Step 1; Apply the deviation on both both sides

\frac{dy}{dx} = \frac{dy}{dx} (x^4 - 8x^2 + 3)

Step 2: Differentiate the given equation

\frac{dy}{dx} = 4x^3 - 16x

4x^3 - 16x = 0

Step 3: Solve the equation of unknown values

$4x[(x^2) - 4] = 0$

x^2 = 4

x=\pm2

Step 2: Calculate the second derivative of the function

\frac{d^2y}{dx^2} = \frac{d^2y}{dx^2}(4x^3 - 16x)

\frac{d^2y}{dx^2} = 12x^2 - 16

Step 3: Determining the nature of stationary points.
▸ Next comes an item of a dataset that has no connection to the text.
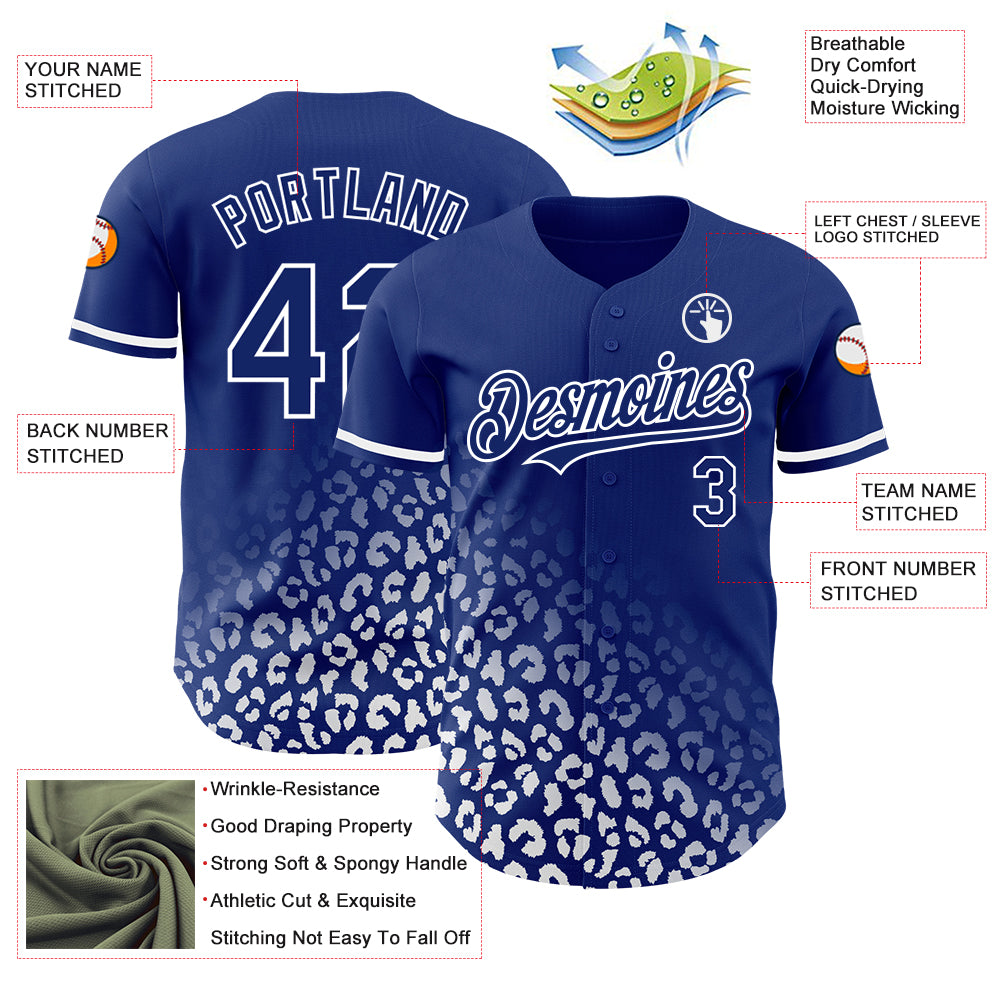 Personalized Royal White 3D Pattern Design Leopard Print Fade Fashion Authentic Baseball Jersey Team Custom Name and Number

NOTE;  Use your values of x if necessary to check the sign of the second derivative at each of the stationary points.

RULES: If   \frac{d^2y}{dx^2} is positive, then it is a minimum point

If   \frac{d^2y}{dx^2} is negative, then it is a maximum point

If   \frac{d^2y}{dx^2} = zero, then it could be a maximum, minimum or point of inflexion.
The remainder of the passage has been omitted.